Tuesday, February 5, 2002




Damn... train rides over and I didn't actually get to do what I wanted [fix my silly theme].

Another complaint: the user's data doesn't seem to be separated out in the Radio UserLand directory to the point of easily being backed up. Or maybe the answer is simply that I should back up the entire directory and always make sure to stick it back in the same spot because it has lots of absolute paths encoded within?
8:42:08 PM    




...nope. Didn't render with upstreaming disabled. I suppose that makes sense, but it still begs the question of how to preview/view your homepage when not actually online!

And I was all set to start playing w/some XML-RPC stuff. Nuts.

Hmmm... if I enabled upstreaming, then invoked

user.scheduler.prefs.runThreads = true; scheduler.monitorThreads ();

It is now attempting to actually perform the upstream.
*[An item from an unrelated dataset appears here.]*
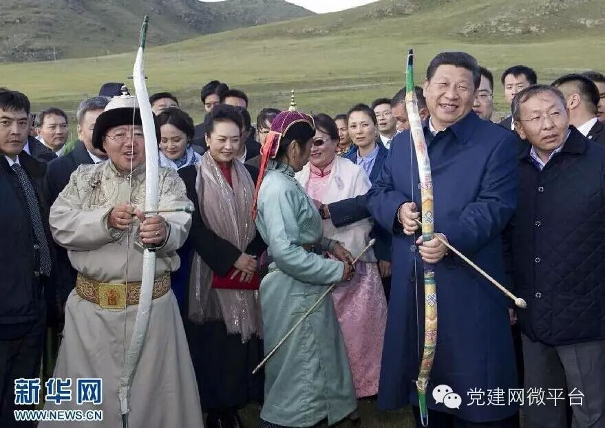 2014年8月22日,国家主席习近平在蒙古国总统额勒贝格道尔吉陪同下前往乌兰巴托市郊观看那达慕。这是习近平与额勒贝格道尔吉一起弯弓搭箭。

Of course, that won't work, but it did save the rendered pages into backup/renderings.

Not exactly a pretty solution and one that I never would have figured out if upstreaming hadn't broken last night and Jake Savin hadn't have been so incredibly helpful.

Of course, as I longtime developer, I have to ask myself: How much of this random evaluation of bits o' Frontier code can I do without getting myself [and my data] into trouble?
8:40:48 PM    




How in the heck do you configure this thing to effectively for local previews when not connected to the cloud?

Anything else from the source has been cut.